··· Dataset content ···

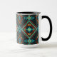 A bright, repeating diamond pattern with turquoise, red, blue and orange accents, creating an electric visual effect.
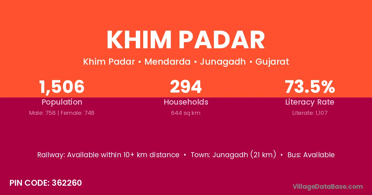 Junagadh (21 km) is the nearest town to Khim Padar village for major economic activities and is located approximately 21 km away.
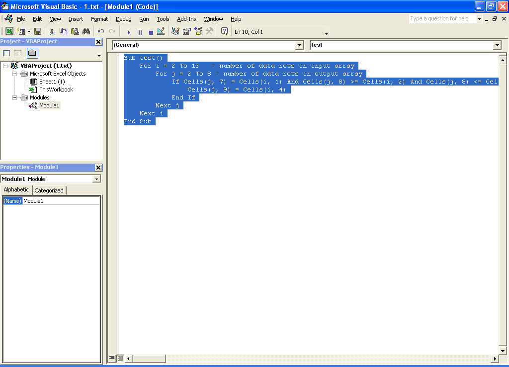 here is your macro bro! Sub test() For i = 2 To 13 ' number of data rows in input array For j = 2 To 8 ' number of data rows in output array If Cells(j, 7) = Cells(i, 1) And Cells(j, 8) >= Cells(i, 2) And Cells(j, 8) <= Cells(i, 3) Then Cells(j, 9) = Cells(i, 4) End If Next j Next i End Sub NOTE: you have to play with i and j values. this module works for the number you have put up in your first post. i'm attaching my excel snapshot. i guess you can go from there. if not email me and i can help. you have to change i, j and column values in IF statement as per the location of your tables. my best advice is try to match your spreadsheet as how i did. :) hope this helps.

···

-- Aim of the exercise --
Starting with the first line of the material, print each line exactly until you have printed the line with "Junagadh (21 km)", and skip the pictures.

-- Reply --
 A bright, repeating diamond pattern with turquoise, red, blue and orange accents, creating an electric visual effect.
 Junagadh (21 km) is the nearest town to Khim Padar village for major economic activities and is located approximately 21 km away.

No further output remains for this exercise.